> [TASK DETAILS] Retype, exactly as written, every line from the one containing "年明け早々、2011年度のR" through the last line of the records below, both included; skip the pictures.

== Segment start ==

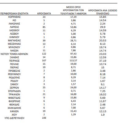 Αναλυτικότερα τα κρούσματα στις περιφερειακές ενότητες που ανήκουν στην Αττική:
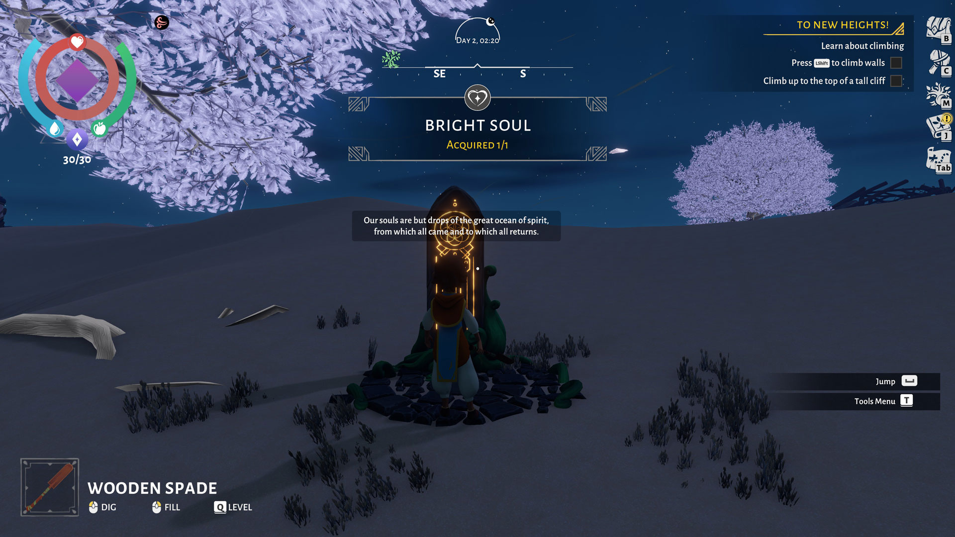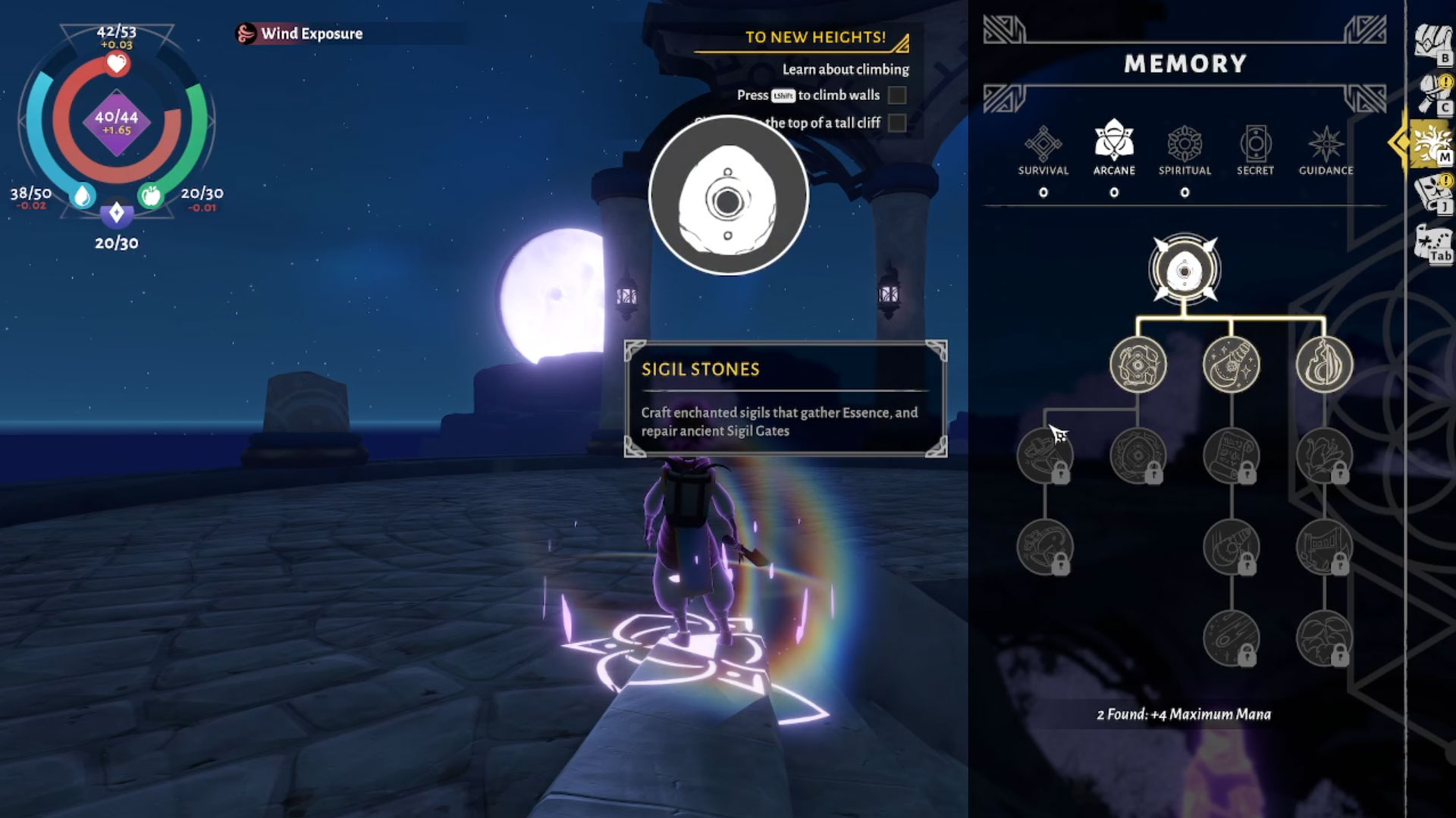 Exploration is a gratifying activity here. Not only will you come across wandering spirits of the people before you to learn their stories, but you’ll even gain memories that function like skill points in this game, allowing you to unlock new crafting skills and talents. However, to gain those memories, you’ll need enough Essence to do so. You can gather them via plants you grow only at night.
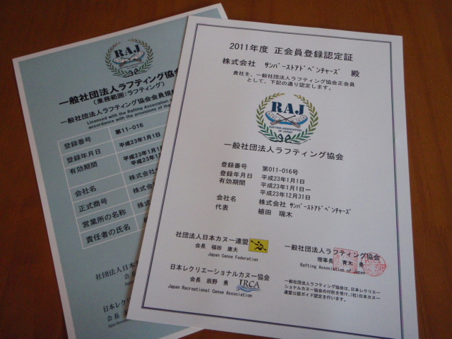 年明け早々、2011年度のRAJ(ラフティング協会)正会員登録認定証が届きました。
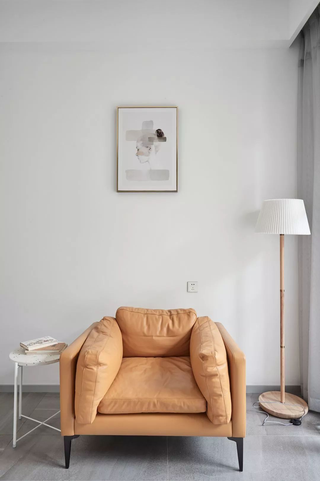 阅读区的单人棕黄色沙发,点亮了整体空间。
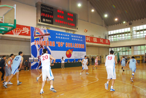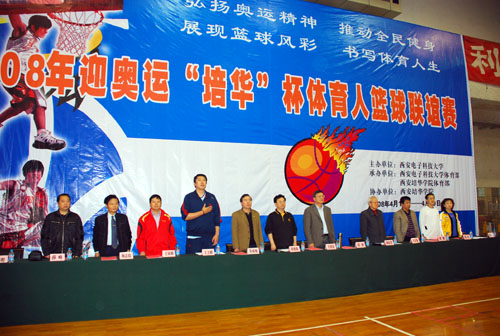4月12日上午9:00,2008年迎奥运“培华”杯体育人篮球联谊赛在西安电子科技大学体育中心拉开帷幕。
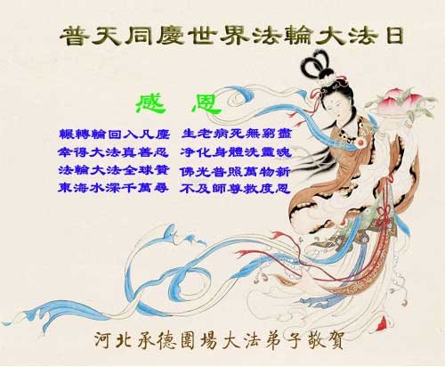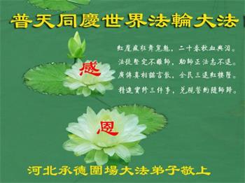 河北承德围场县全体大法弟子恭贺世界法轮大法日暨师尊生日快乐! 感恩 辗转轮回入迷尘,生老病死无穷尽, 幸得大法真善忍,净化身体洗灵魂, 法轮大法全球赞,佛光普照万物新, 东海水深千万寻,不及师尊救度恩。 河北承德一大法弟子恭祝师尊生日快乐!

== Segment end ==

> [TASK RESPONSE]
 年明け早々、2011年度のRAJ(ラフティング協会)正会員登録認定証が届きました。
 阅读区的单人棕黄色沙发,点亮了整体空间。
4月12日上午9:00,2008年迎奥运“培华”杯体育人篮球联谊赛在西安电子科技大学体育中心拉开帷幕。
 河北承德围场县全体大法弟子恭贺世界法轮大法日暨师尊生日快乐! 感恩 辗转轮回入迷尘,生老病死无穷尽, 幸得大法真善忍,净化身体洗灵魂, 法轮大法全球赞,佛光普照万物新, 东海水深千万寻,不及师尊救度恩。 河北承德一大法弟子恭祝师尊生日快乐!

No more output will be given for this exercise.